There’s no question that monitoring pumpdown curves will give you invaluable insight to your system’s performance. These curves can also give you early warning of impending problems, but subtle variations can be easily hidden if your monitoring stops with just pumpdown curves and omits rate-of-rise curves.
A common example is found in systems with higher pumping speeds than are absolutely necessary. Most modern vacuum systems fall into this category. “You can’t have too much pumping speed" thinking often makes a lot of sense. This is especially true in cryopumped systems where the cryopump provides very high water vapor pumping speeds.
If we consider the fundamental performance relationship
Q = SP
Gas Load = Pumping Speed x Pressure,
we can see that a higher pumping speed will produce a lower pressure with a given gas load.
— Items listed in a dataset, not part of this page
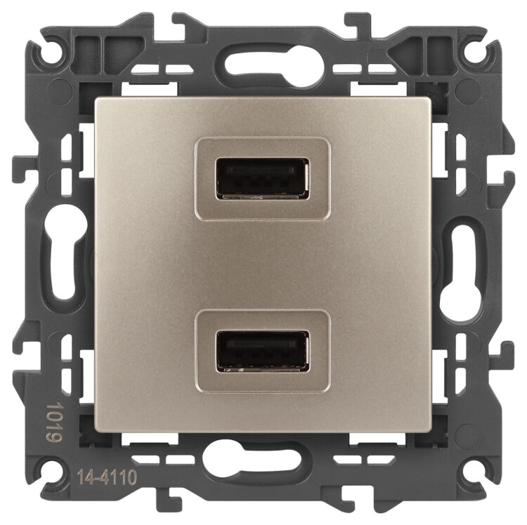 Устройство зарядное USB серии Эра Elegance цвет шампань 14-4110-04. Номинальные характеристики . Оснащёно автоматическими клеммами для надёжной фиксации жил кабеля в механизме. Рамки приобретаются отдельно. Рамки Эра Elegance ПЛАСТИК: 1 пост 14-5001-хх, 2 поста 14-5002-хх, 3 поста 14-5003-хх, 4 поста 14-5004-хх, 5 постов 14-5005-хх; СТЕКЛО: 1 пост 14-5101-хх, 2 поста 14-5102-хх, 3 поста 14-5103-хх, 4 поста 14-5104-хх; МЕТАЛЛ: 1 пост 14-5201-хх, 2 поста 14-5202-хх, 3 поста 14-5203-хх, 4 поста 14-5204-хх; ДЕРЕВО: 1 пост 14-5301-хх, 2 поста 14-5302-хх, 3 поста 14-5303-хх, 4 поста 14-5304-хх (хх - код цвета: 00-прозрачный, 01-белый, белёный дуб, 02-слоновая кость, 03-алюминий, 04-шампань, 05-чёрный, чёрное дерево, 07-ясень, 09-дуб, 10-венге, 11-клён, 14-медь, 21-жёлтый, 22-оранжевый, 23-красный, 25-бордо, 26-лайм, 27-зелёный, 28-голубой, 29-синий, 30-розовый, 31-мокко, 32-серый, 41-сталь, 42-титан).
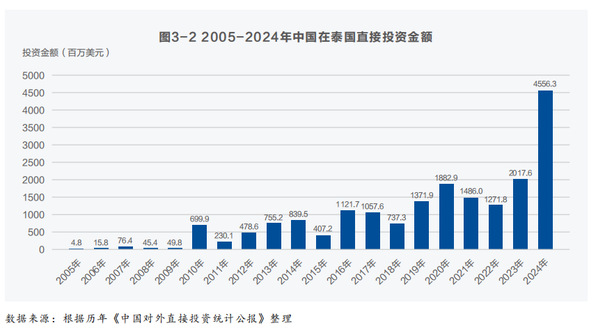 2005-2024年中国在泰国直接投资金额|图片来源:报告原文
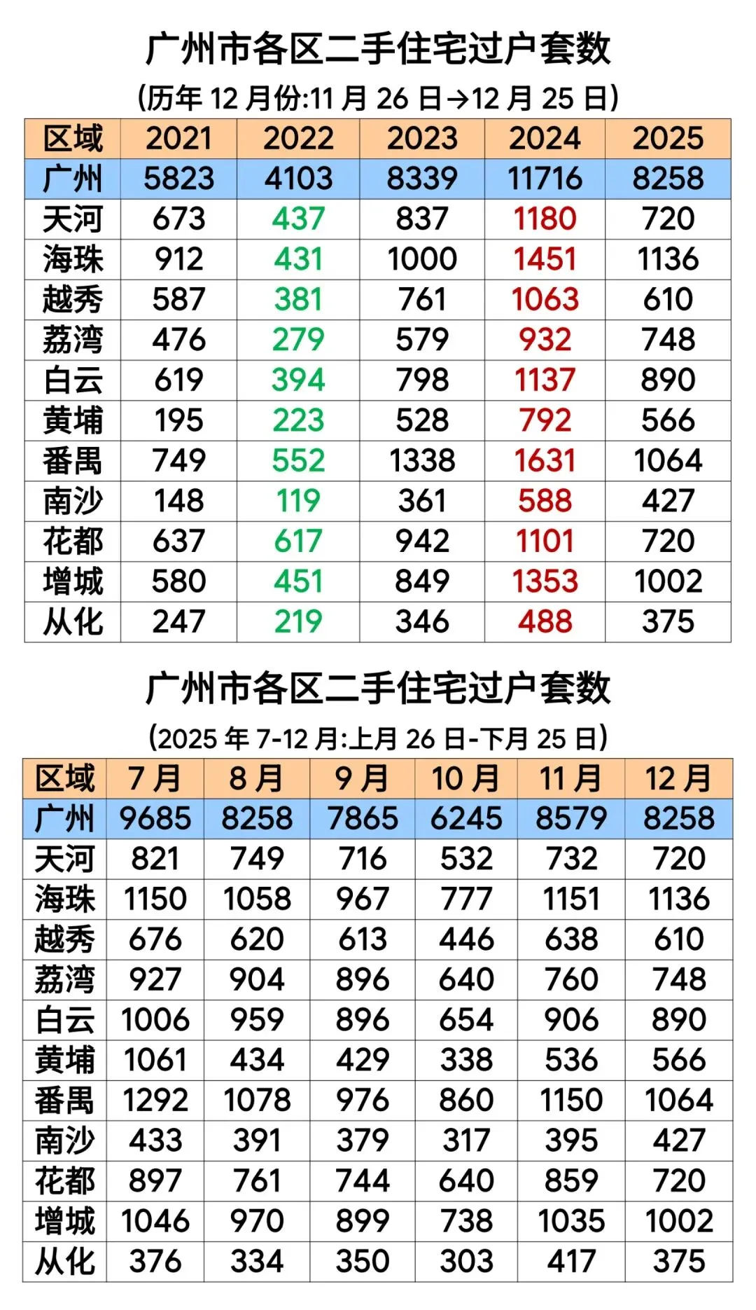 2025年12月(统计周期:2025年11月26日至2025年12月25日),广州市二手住宅交易登记宗数和面积为8258宗和79.52万平方米。(商业、办公未纳入统计)
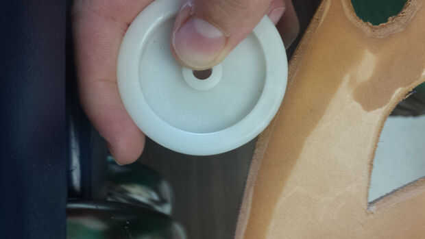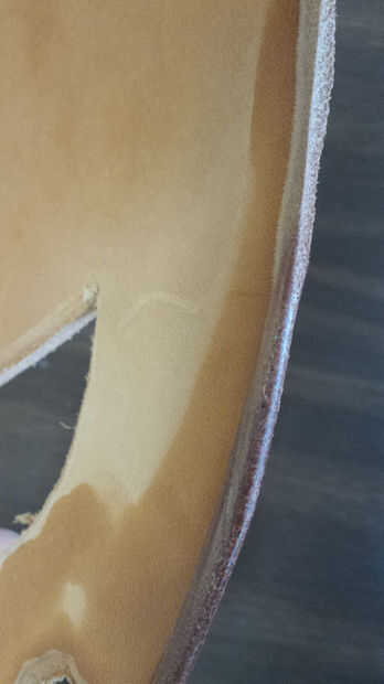 Borde slicking requiere agua! Mojar el borde de la máscara, un poco a la vez y luego ir en él con el impermeable de borde. Tengo el impermeable de estilo "rueda", pero hay alguna clavija de madera que y también algunos de vidrio. Todos funcionan bien. Como cortar el cuero, slicking el borde toma algún músculo. Usted querrá presionar firmemente e ir en la misma área varias veces para obtener un buen bruñido. Es lento que va, pero pena.
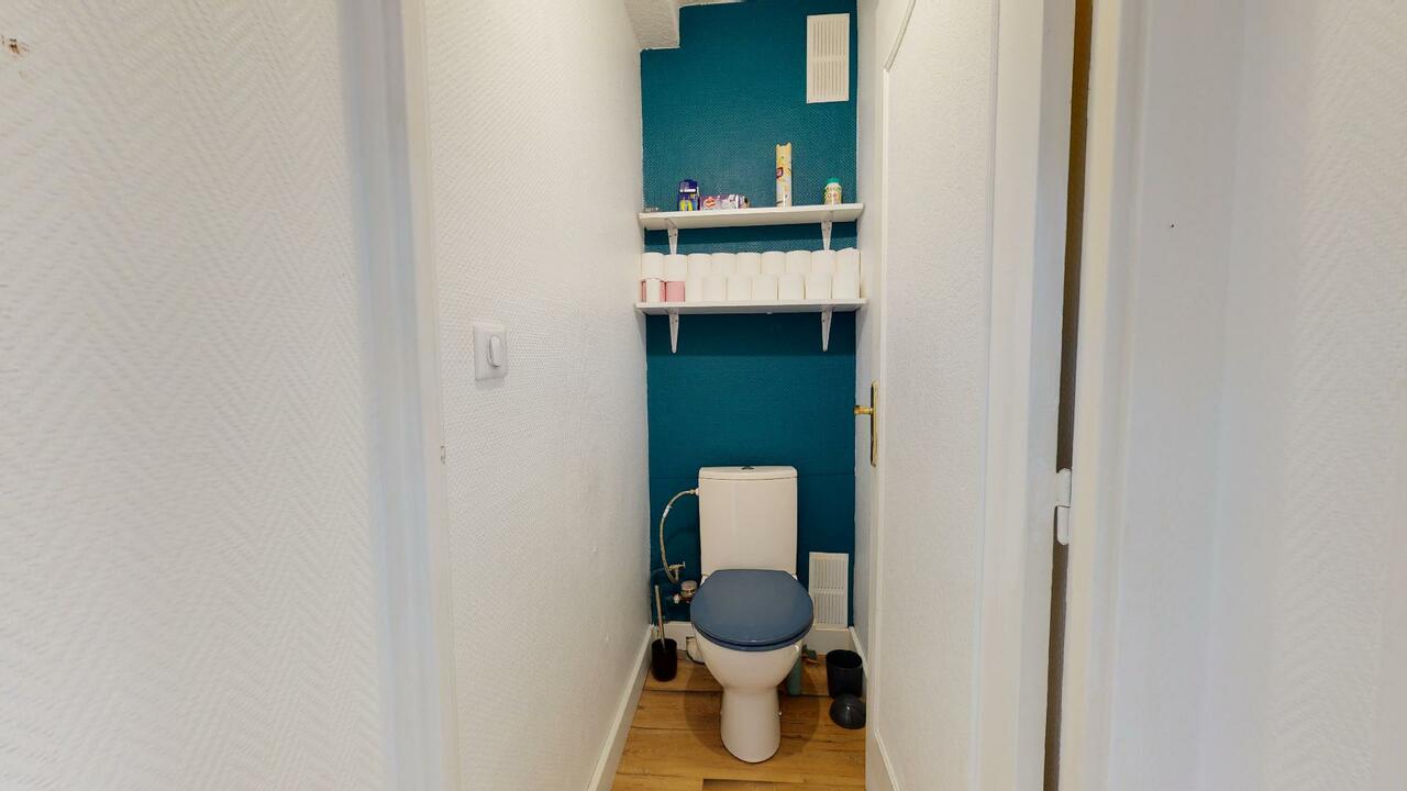 La salle de bain dispose d'une douche, d'un meuble vasque, et des toilettes séparés viennent compléter ce logement.
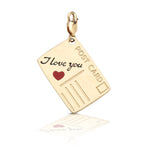 a golden love note you can wear-this charming postcard pendant features "I love you" in delicate script, a red enamel heart accent, and engraved details reminiscent of vintage mail. Perfect on its own or as part of a personalized charm necklace or bracelet

This also means that a slight increase in gas load might well be hidden within the normally expected day-to-day variation in the ionization gauge’s reading if the pumping speed is high enough.
Here’s a specific example.
If you compare today’s pumpdown curve with yesterday’s, and they’re pretty much the same, you could easily go ahead and assume that you’re within spec and start the process. However, the amount of water vapor on the internal surfaces of the chamber might well be different than usual because there was a wide variation in humidity from yesterday to today. If today was more humid, the internal surfaces would have sorbed a thicker bed of water vapor when the system was open, and this would result in a higher water desorption rate. A high water vapor pumping speed could easily deal with the higher desorption rate and provide an acceptable pumpdown curve. An apparently acceptable pumpdown curve, then, could lead you to erroneously assume that your process parameters were also acceptable.
A process that is susceptible to water vapor contamination, as are many thin film processes, isn’t really based on a pressure spec as much as it is in number of molecules that might enter or collide with the process. A higher pumping speed, then, will certainly give you a low enough pressure, but the higher desorption rate will allow more water molecules to interact with the process as they leave the surfaces, pass through the process volume, and are pumped away.
The effect of the increased desorption rate will be hidden in the pumpdown curve because of the high pumping speed, but a rate-of-rise curve will quickly show a steeper increase in pressure than is normal. Therefore, a combination of pumpdown curve and rate-of-rise curve together could and would catch a problem before the process was initiated.
Once a system is well established in terms of performance, a rate-of-rise curve taken for only a few minutes can be used to detect variations in slope that can serve as an early warning of impending or present problems. This short-term technique can be considered as a system performance surveillance step. Any deviation from the norm would then call for a full rate-of-rise curve to be taken by extending the time-base to allow for a full diagnostic check. Such short-term surveillance steps are often built into a routine system pumpdown cycle.
Both pumpdown curves and rate-of-rise curves are useful in qualifying a system for performance following maintenance or any other changes, such as replacing a leaking O-ring or some other simple but process-crucial operation. Once an acceptable pressure is achieved, a rate-of-rise curve that is compared to a previously determined acceptable curve will be an important indicator that the system has been pumped on enough to be back into qualification parameters for further process work.